我记得很清楚,因为那天是每月一次的“家庭财务日”。结婚八年,我和苏梅的钱一直分开管,她的工资她自己拿着,我的工资负责家里所有开销——房贷、车贷、孩子的学费、物业水电、柴米油盐。每个月月底,她会象征性地问我一句“家里钱够不够”,我每次都说够,她也就不再问了。

周三下午,我在公司开完最后一个项目会,手机震了一下。银行APP推送了一条交易提醒——“您尾号3421的账户转出2500000.00元,余额……”。我以为看错了,揉了揉眼睛,退出APP重新登录了一遍。

还是那个数字。两百五十万,整整齐齐,一个零都不少。

那是我们夫妻联名的公司账户,里面的每一分钱都是我这六年做建材生意攒下来的。为了拿下城东那个新楼盘的瓷砖供应合同,我陪甲方喝了不下五十场酒,喝到胃出血住院三次。有一回冬天零下十几度,为了赶工期我裹着军大衣在工地上盯了整整三天三夜,回去的时候人冻成了冰棍,发了五天高烧差点转成肺炎。这些钱不是天上掉下来的,是我拿命换来的。

我放下手机,手开始发抖。不是冷的,是气的。我强迫自己深呼吸了三次,然后拨通了苏梅的电话。

响了一声就挂了。再打,关机。

我坐在办公桌前,盯着电脑屏幕上那行转账记录,脑子里像有一锅烧开的糨糊在咕嘟冒泡。两百五十万。这个数字太巧了,巧到让我想起两个月前的一件事。

两个月前,苏梅跟我商量,说想从公司账户上拿二百五十万给她娘家的弟弟买房。她说弟弟在深圳谈了个女朋友,女方家里条件不错,唯一的要求就是男方得有套全款房。她妈打电话来哭了好几次,说小舅子年纪不小了,再不结婚就耽误了。我当时想都没想就拒绝了。我说那钱是公司的流动资金,马上要备货进瓷砖,抽走二百五十万资金链会断。我给她分析了一下午,从现金流到毛利率到周转率,能说的道理全说了。
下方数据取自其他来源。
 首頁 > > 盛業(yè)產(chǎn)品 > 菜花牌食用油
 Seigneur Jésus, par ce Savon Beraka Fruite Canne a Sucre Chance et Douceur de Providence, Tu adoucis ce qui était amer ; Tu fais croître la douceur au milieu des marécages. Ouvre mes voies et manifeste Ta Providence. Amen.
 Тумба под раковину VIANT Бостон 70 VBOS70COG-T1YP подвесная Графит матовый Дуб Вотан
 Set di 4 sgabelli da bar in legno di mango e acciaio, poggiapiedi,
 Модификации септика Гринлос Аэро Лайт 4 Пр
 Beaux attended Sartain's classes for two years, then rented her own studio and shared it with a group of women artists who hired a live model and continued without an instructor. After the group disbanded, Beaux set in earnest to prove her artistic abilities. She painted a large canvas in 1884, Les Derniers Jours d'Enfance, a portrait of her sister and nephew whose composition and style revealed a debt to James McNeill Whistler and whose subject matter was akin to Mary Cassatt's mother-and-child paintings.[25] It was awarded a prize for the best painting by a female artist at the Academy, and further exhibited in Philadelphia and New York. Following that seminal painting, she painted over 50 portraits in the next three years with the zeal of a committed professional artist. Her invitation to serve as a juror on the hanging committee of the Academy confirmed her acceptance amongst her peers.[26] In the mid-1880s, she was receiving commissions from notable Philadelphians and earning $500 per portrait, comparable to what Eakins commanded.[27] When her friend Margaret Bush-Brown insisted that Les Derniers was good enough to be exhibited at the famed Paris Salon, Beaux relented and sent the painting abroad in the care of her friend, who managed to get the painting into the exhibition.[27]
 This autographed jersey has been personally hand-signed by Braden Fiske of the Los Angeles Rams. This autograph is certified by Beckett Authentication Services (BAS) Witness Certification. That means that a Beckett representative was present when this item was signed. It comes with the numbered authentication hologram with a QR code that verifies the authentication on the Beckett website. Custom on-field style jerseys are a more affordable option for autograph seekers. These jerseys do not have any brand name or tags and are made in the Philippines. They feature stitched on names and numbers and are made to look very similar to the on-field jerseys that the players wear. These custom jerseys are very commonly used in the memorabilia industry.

苏梅当时很平静,说了句“知道了,我再想想别的办法”,就没再提这件事。

现在回想起来,她的平静不是理解,是已经有了别的打算。

我打电话给银行的客户经理老周,问这笔转账的去向。老周跟我认识五六年了,语气有些犹豫,说按规定不能透露,但在我的再三追问下,他叹了口气,压低了声音:“转给了一个个人账户,户名叫陆晨。是个男的。”
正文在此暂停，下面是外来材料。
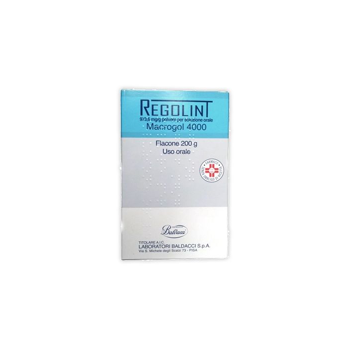 Avvertenze I dati sull’efficacia del trattamento nei bambini di età inferiore a 2 anni sono limitati. Il trattamento della stipsi con qualsiasi medicinale è solo un coadiuvante di uno stile di vita sano ed una corretta alimentazione, ad esempio: incremento dell’assunzione di liquidi e fibre vegetali appropriata attività fisica e ripristino della motilità intestinale. Prima di iniziare il trattamento deve essere escluso qualsiasi disordine organico. I lassativi non devono essere utilizzati dai soggetti con dolore addominale acuto o di origine sconosciuta, nausea o vomito, marcata accentuazione o riduzione della peristalsi, sanguinamento rettale. La presenza di uno o più di questi sintomi o segni richiede un adeguato approfondimento diagnostico da parte del medico al fine di escludere una delle condizioni patologiche che controindicano l’uso dei lassativi (ad esempio: ostruzione o sospetta ostruzione intestinale, stenosi o perforazione intestinale, ileo paralitico, gravi malattie infiammatorie dell’intestino). Dopo un ciclo di trattamento di 3 mesi, deve essere eseguita una supervisione clinica completa della costipazione. L’abuso di lassativi (uso frequente o prolungato o con dosi eccessive), particolarmente quelli di contatto o stimolanti, può causare diarrea persistente con conseguente perdita di acqua, sali minerali (specialmente potassio) e altri fattori nutritivi essenziali. Nei casi più gravi è possibile l’insorgenza di disidratazione o ipopotassiemia la quale può determinare disfunzioni cardiache o neuromuscolari, specialmente in caso di contemporaneo trattamento con glicosidi cardiaci, diuretici o corticosteroidi. Va posta cautela negli anziani, nei pazienti con insufficienza epatica, insufficienza renale, insufficienza cardiaca. È opportuno in questi casi controllare periodicamente i livelli degli elettroliti sierici. L’abuso di lassativi, specialmente quelli di contatto (lassativi stimolanti), può causare dipendenza (e, quindi, possibile necessità di aumentare progressivamente il dosaggio), stitichezza cronica e perdita delle normali funzioni intestinali (atonia intestinale). REGOLINT, non contenendo alcun zucchero o poliolo, può essere assunto da pazienti diabetici o sottoposti ad un regime privo di galattosio. Precauzioni per l’uso Sono necessari approfondimenti diagnostici quando la necessità del lassativo deriva da un improvviso cambiamento delle precedenti abitudini intestinali (frequenza e caratteristiche delle evacuazioni) che duri da più di due settimane o quando l’uso del lassativo non riesce a produrre effetti. Sono stati riportati casi molto rari di reazioni di ipersensibilità (eruzione cutanea, orticaria, edema) con alcuni medicinali contenenti macrogol, compresi casi eccezionali di shock anafilattico. In questi casi interrompere l’assunzione del medicinale e consultare immediatamente un medico.
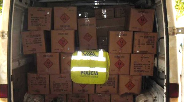 La mercadería secuestrada consiste en 122 cajas de fuegos artificiales conteniendo, varitas mágicas, cañitas silbadoras, perlas, verde esmeralda, tiros surtidos, napoleón, merlín, mosaicos, cielo argentino, estallos, cerecita explosiva, trueno, súper triángulos, fogueta, 3 tiros en caja, morteritos thunder king, base misil, candela, giratorios 6 chisperos, bichitos de luz, silver 48 tiros y súper batería 400 tiros, sin habilitación para el traslado de los mismos de acuerdo a lo que dicta la ley.
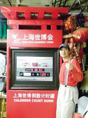 黃漢龍介紹他制作的上海世博會倒計時鐘,將擺放在舊金山灣區佛利蒙永和超市前,讓灣區僑胞也能一起為上海世博倒計時并迎接上海世博會的到來。
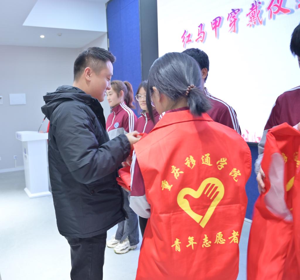 红马甲是志愿者的象征,脱下“红马甲”,每位移通学子都有自己的个性和特点,但穿上“红马甲”,他们就会整装出发、一致行动,这就是青年志愿者的样子。校团委副书记蔡星宇老师为志愿者代表传递红马甲,接过红马甲,也接过了光荣,接过了使命,接过了我们对志愿服务的追求和热爱。这一件件“红马甲”、一抹抹“志愿红”,汇聚成志愿星河闪烁绽放,引领越来越多的移通学子积极投身志愿服务。
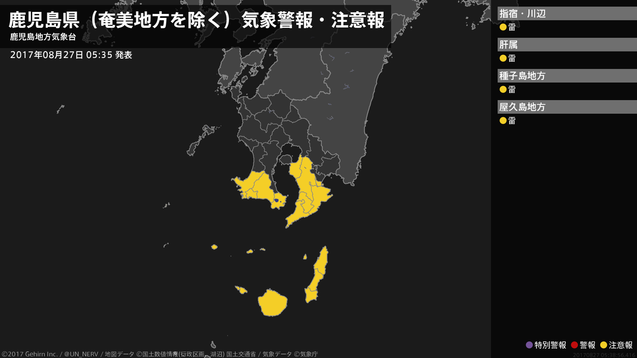 【鹿児島県(奄美地方を除く) 気象警報・注意報 2017年08月27日 05:38】薩摩、大隅地方では27日昼前まで、種子島・屋久島地方では27日夕方まで、急な強い雨や落雷に注意してください。#気象警報注意報 #鹿児島県(奄美地方除く)
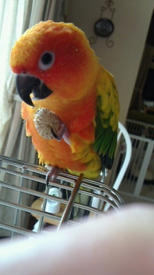 本やネットでは発揚の時に与えないほうがいいとありますが、主治医に今日聞いてみたら、タンパク質は大事なので(特に換羽の時)与えてもいいそうです。
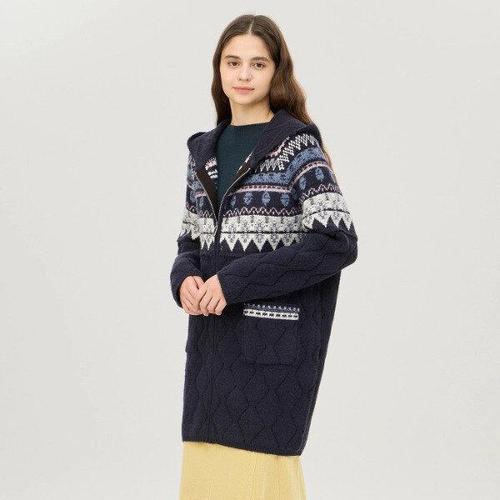 [베네통]패턴 후드 롱 니트 가디건_BAKC53461
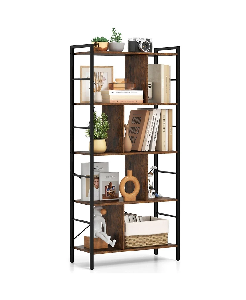 Slickblue 5-tier Bookcase 61 Inch Tall Industrial Bookshelf with Metal Frame
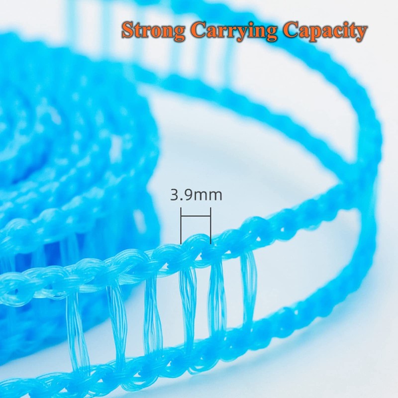 Cuzlarmul Portable Clothes Line, 10m Windproof Adjustable Clothes Drying Line, Non-Slip Fence Clothesline for Camping Travel Home (Blue)
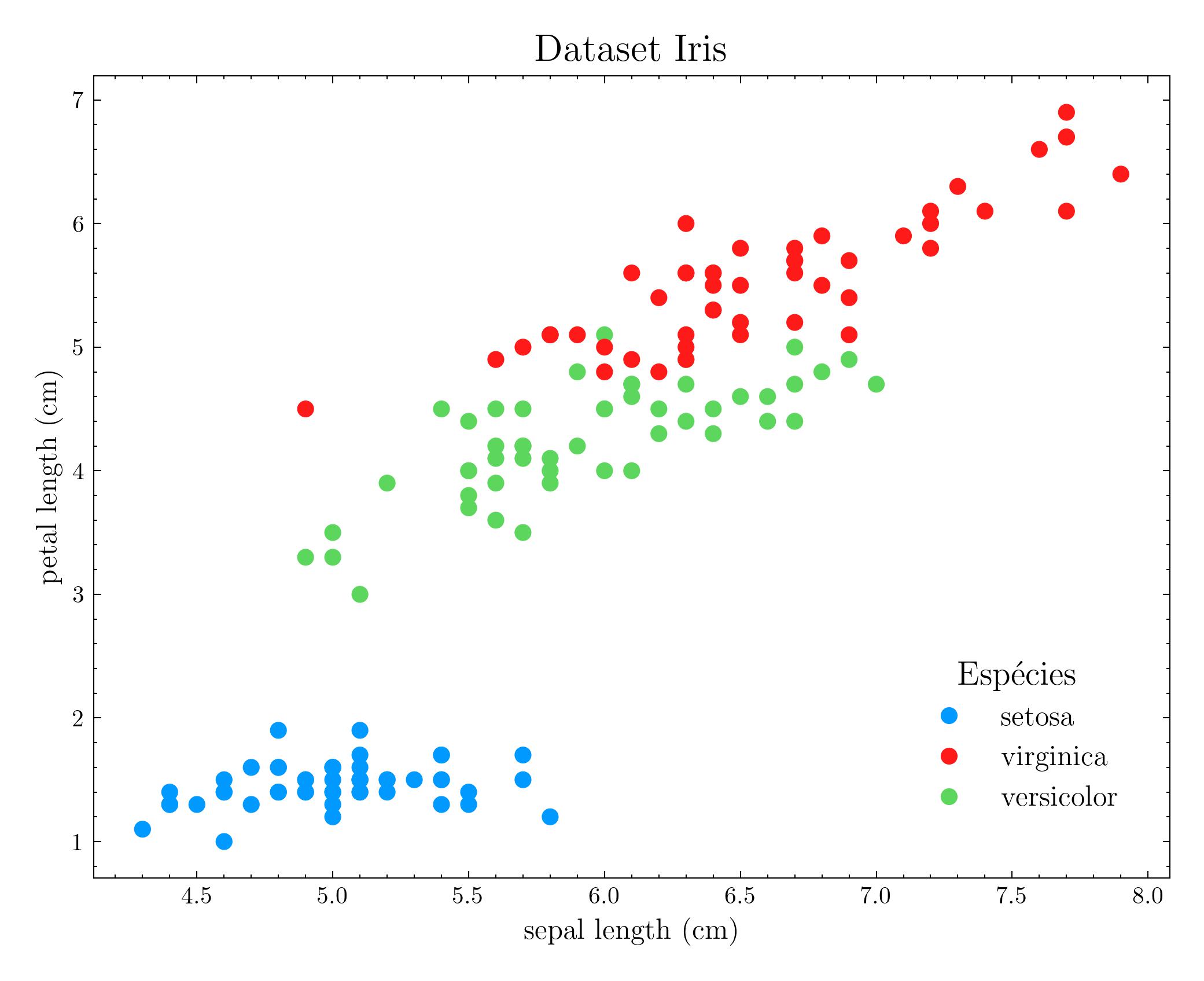 Por exemplo, utilizando um conjunto de dados (dataset) como o Iris, que possui 150 registros com o comprimento (length) de sépalas e pétalas de algumas espécies de flores Iris (a saber, virginica, versicolor e setosa), nós podemos apresentar as informações contidas nesse conjunto de algumas maneiras. Neste caso, podemos expor a tabela de dados diretamente:

电话那头安静了足足有十秒钟。老周连喂了好几声,以为我挂了。

我听到了,每一个字都听到了。我只是说不出话来。男人的名字。二百五十万。我老婆背着我,把我们夫妻联名账户里的钱,转给了一个我不认识的男人。

当天晚上我没有回家。我需要时间把事情弄清楚,而在弄清楚之前,我不能面对她。我怕自己一见面就失控,做出什么无法挽回的事来。

我找了个做私家侦探的朋友老马。老马以前是刑警,后来犯了错误被开了,干这行干了十多年,手段门清。我把陆晨的名字和银行账号给了他,他第二天下午就甩给我一个厚厚的信封,里面装着一沓照片、几页银行流水,还有一份开房记录。

我坐在车里,把那沓东西从头到尾翻了一遍。每一页都像是在我心口上插一把刀,翻到最后,我已经感觉不到疼了,只剩下一种冰冷的、深入骨髓的麻木。

陆晨,三十一岁,比苏梅小五岁。开一辆宝马X5,挂的是苏梅的名字。住的房子在城南的高档小区,月租八千,房租也是苏梅在交。开房记录密密麻麻地打了好几页纸——最近的可以追溯到上个月,最远的竟然能追溯到两年前。

两年前。那正是我刚签下第一个大项目、每天忙得脚不沾地的时候。那一年公司业绩翻了三番,我高兴得请全体员工去三亚团建,却不知道自己的妻子已经躺在了别人的床上。

我去找了陆晨。

他住的那个小区安保很严,保安盘问了我半天才放我进去。我站在他家门口,按了门铃。开门的是一个穿着丝质睡袍的男人,头发打理得一丝不苟,脸上还敷着面膜。他眯着眼睛打量了我一眼,用一种慵懒而不耐烦的腔调问:“你找谁?”

“找你。”

我推开门走进去。客厅装修得很精致,沙发是真皮的,茶几上摆着一瓶打开的红酒,是罗曼尼康帝,一瓶就要好几万。落地窗边架着一台天文望远镜,墙角放着一把吉他。这屋子里的每一寸精致,都是用我的血汗钱堆起来的。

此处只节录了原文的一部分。